Nissan's U.S. sales to rental companies swung skyward in the new year, despite tight retail supply and a vow to dial down the fleet business.
The automaker's first-quarter fleet sales surged 83 percent to 67,577, compared with a 36 percent increase for the overall industry, per TrueCar estimates based on data through mid-March.
TrueCar forecasted Nissan's fleet penetration to be the second highest among major manufacturers after Stellantis in March and above the industry average of 16 percent.
Nissan said the higher Q1 fleet volumes were to meet its contractual obligations with commercial customers.
"There's always some seasonality in the industry as fleets stock up for the busy spring [and] summer seasons," spokesman Brian Brockman told Automotive News.

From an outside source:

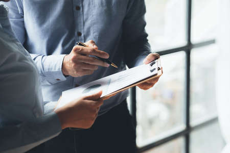 Atmosphere of a startup company meeting, business people are meeting together to summarize and plan investment finances, they are the founders of the company. Business administration concept.
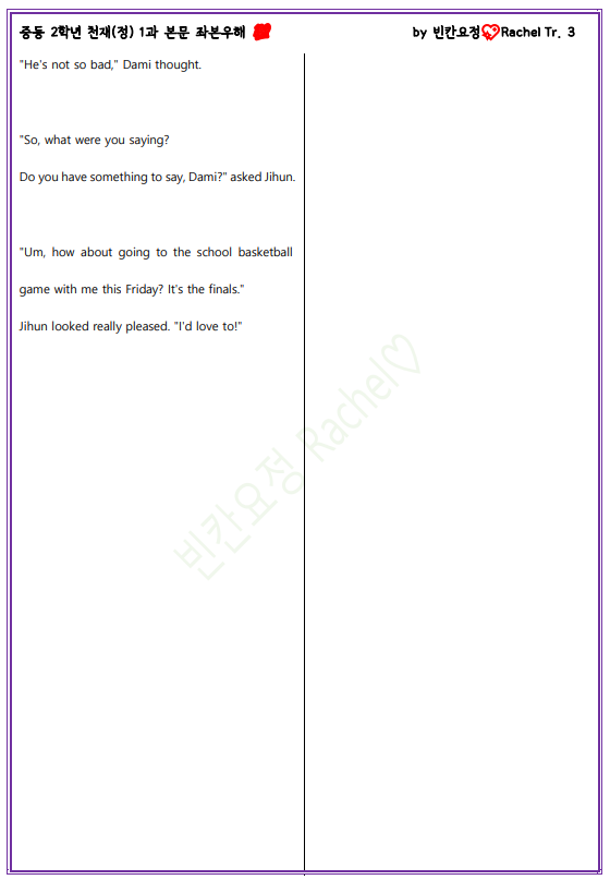 | 중2 천재정 1과 본문 빈칸문제(쉬운버전) (0) | 2024.02.20 |

But the uptick is raising eyebrows among dealers, some of whom say they have a less than 30-day supply of the entry-priced models that fleets like, such as the Sentra, Kicks and Versa.
Affordability is a significant issue for Nissan's price-conscious customers with rising inflation and interest rates, said a Nissan retailer who asked not to be identified.
"The market is clamoring for less expensive, rental fleet favorites," the dealer said. "Selling low days' supply cars to rental agencies is absolutely disastrous for our retail market share."
Dealers want Nissan to prioritize retail over fleet as economic headwinds price customers out of the market.
"The only way we can sell new Nissans to many customers is with the less expensive models, because they can't afford the $30,000, $40,000, $50,000 vehicles that are too expensive with the current interest rates," the dealer said. "They're not buying the Armadas or Titans; they want the rental cars you see at the airport."